El largo silencio terminó. Llegó la madrugada del lunes y empezaron a oírse los primeros coches rodar por la ciudad, a poca distancia de allí. La marea casi había alcanzado su máximo nivel y la fuerza de la corriente había disminuido durante la última media hora y ya no estaban tensos los cabos con que estaban amarradas las pequeñas embarcaciones, entre las cuales había numerosos barcos de pesca y barcos de recreo. La luna estaba a punto de ocultarse.
—¡Joe! Joe! ¿Vas a salir? —preguntó una voz en la oscuridad, cerca de la popa del
Arcturus.
—No soy Joe —respondió Jack.
—Entonces, ¿quién eres tú?
—Jack.
—¿Dónde está Joe?
—Se fue a Salem.
—¿Vas a salir, Jack?
—Tal vez.
—¿Tienes cebo, Jack?
—No.
—Entonces vete a la mierda.
—Vete tú también, amigo —dijo Jack en voz baja.
Observó el bote alejarse remando mientras el hombre maldecía.
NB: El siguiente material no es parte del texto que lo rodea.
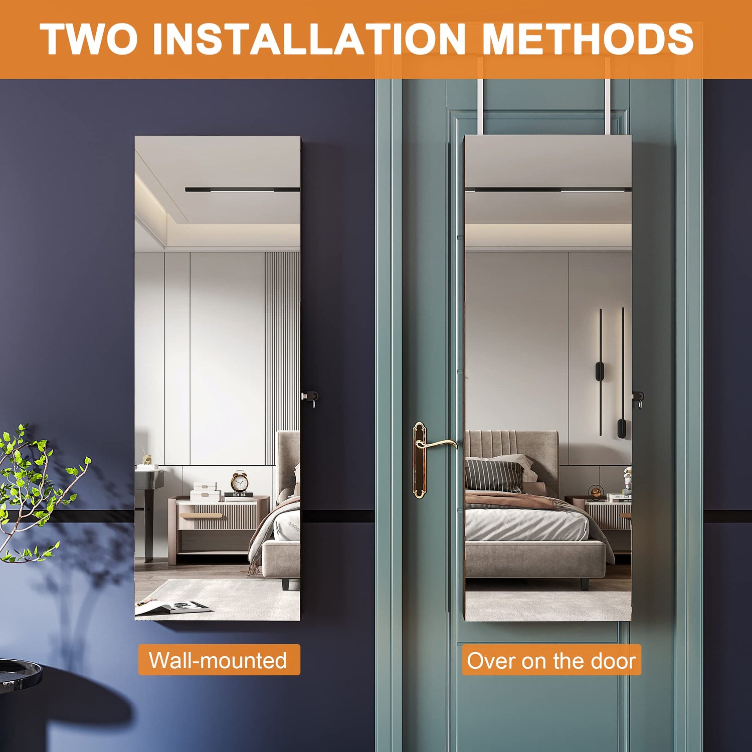 - WALL MOUNTING / DOOR MOUNTING - The jewelry armoire is height adjustable when hung on the hooks on the door, or you can mount it on a blank wall with the included screws to save even more space. Add beauty and maximize your room with this simple and flexible jewelry armoire

Luego vio que largaba la vela y empezaba a deslizarse suavemente por las aguas poco profundas. Entonces fue a tientas hasta el pañol del pan. Vio filtrarse la luz por la bisagra de la tablilla que pivotaba, tocó con los nudillos y oyó la voz de Diana preguntar:
—¿Quién es?
—Jack.
La portezuela se abrió y vio a Diana sentada junto a un farol con una pistola en el regazo. La atmósfera era asfixiante y la llama del farol era muy pequeña. Diana se puso un dedo sobre los labios y dijo:
—Silencio… Se ha comido todo lo que había en la cesta y ahora está dormido. No había comido nada en todo el día. ¿No le parece increíble?
Jack había pensado también en el desayuno, pues su estómago se lo estaba pidiendo desde hacía rato, y sintió una gran decepción.
—Tiene que despertarse ahora. Vamos a subir a la chalana porque la marea está a punto de cambiar.
Le sacudieron para despertarle y él les siguió hasta la cubierta con el montón de papeles bien sujeto.
En relación con su tamaño, los costados del
Arcturus
no eran muy altos, pero, a pesar de eso, la chalana estaba mucho más baja.
—¿Tenemos que cambiar de barco? —preguntó Stephen.
—Sí —respondió Jack.
—¿No sería mejor esperar a que subiera más la marea y la lancha estuviera más cerca de la cubierta?
—Su posición relativa seguiría siendo la misma, te lo aseguro. Además, ya la marea ha alcanzado su nivel máximo. Tú has saltado muchas veces a lanchas que estaban más bajas, Stephen.
—Estaba pensando en Diana.
—¡Ah, Diana! Saltará sin dificultad. Tú la ayudas a pasar por encima de la borda y yo la cogeré cuando caiga en la chalana. ¿Dónde está su baúl, Diana? Stephen, sujeta ese cabo y tira de él hacia abajo despacio cuando te diga.
Entonces pasó por encima de la borda, se colocó en el pescante y luego se agarró a una vigota con la mano izquierda y bajó a la chalana.
—¡Tira hacia abajo! —gritó y enseguida el pequeño baúl bajó hasta la chalana—. ¡Ahora Diana!
Le indicó que pusiera los pies en el pescante y luego gritó:
—¡Cuidado con las enaguas! ¡Salta!
—¡Al diablo con las enaguas! —dijo Diana y saltó.
Jack la cogió con el brazo sano.
—Nadie podría decir que es usted ligera, Diana —dijo con la cara enrojecida mientras la ponía de pie en el suelo entre los botes con cebo, de los cuales salía un repugnante olor a calamares descompuestos—. ¡Vamos, Stephen!
En el muelle se oían pasar los coches y en el puerto se oían voces y se veían oscilar las luces de los faroles.